=== Aim of the task ===
Skip every picture, then write out exactly the lines of the listing below from the line that contains "Отзывы на Спальный" through the final line.

=== The data ===

== Segment start ==

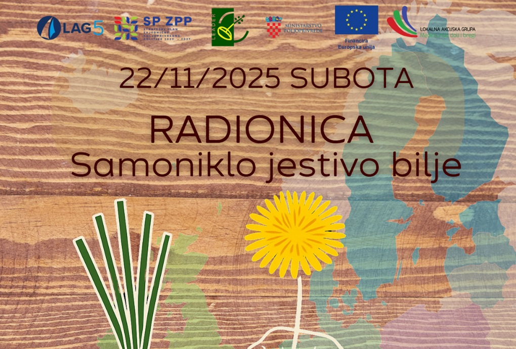 U sklopu projekta „Food Without Borders: Meeting each other through flavours”, Lokalna akcijska grupa LAG 5 organizira radionicu prepoznavanja i pripreme samoniklog jestivog bilja. Radionica će se održati u subotu, 22. studenog 2025. godine, u Vinariji Bartulović u Prizdrini s početkom u 10:00 sati.
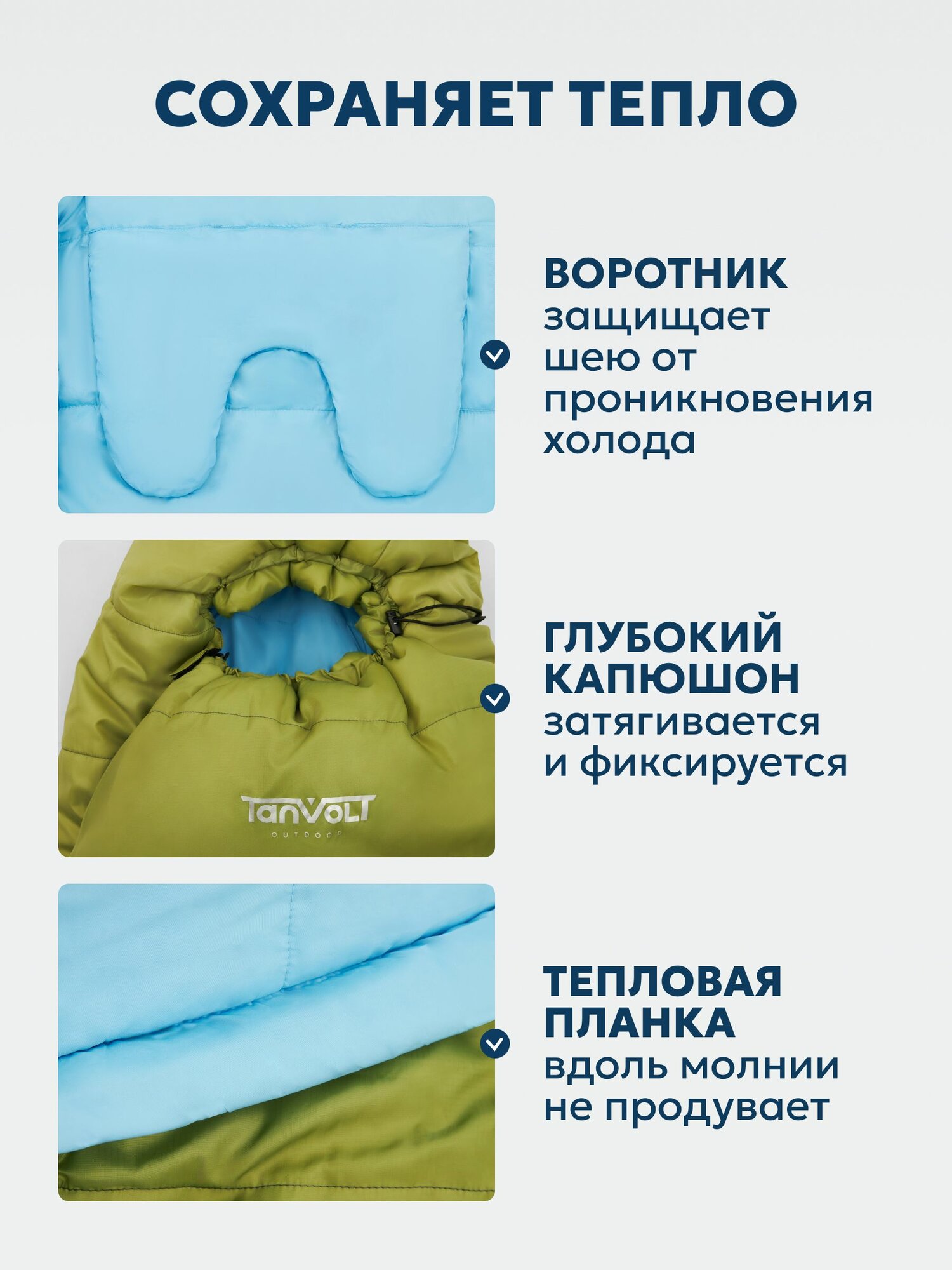 Отзывы на Спальный мешок "Кокон" туристический теплый с капюшоном Tanvolt, зеленый
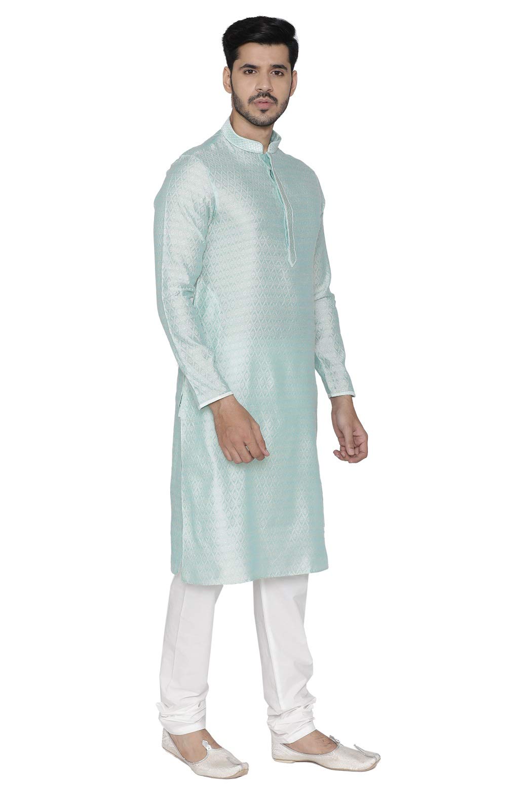 Manyavar Men's Silk Blend Other Kurta Pyjama (CPOSK433_Aqua Blue_XL)
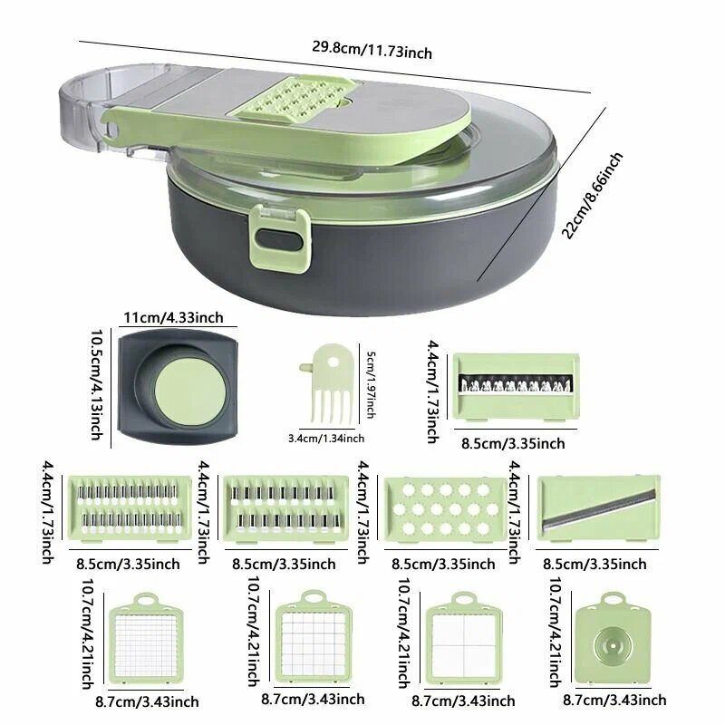 Купить Овощерезка многофункциональная "Терка" 9в1, ручная, салатовая, 29.5х21.8х9 см

== Segment end ==

=== Written solution ===
 Отзывы на Спальный мешок "Кокон" туристический теплый с капюшоном Tanvolt, зеленый
 Manyavar Men's Silk Blend Other Kurta Pyjama (CPOSK433_Aqua Blue_XL)
 Купить Овощерезка многофункциональная "Терка" 9в1, ручная, салатовая, 29.5х21.8х9 см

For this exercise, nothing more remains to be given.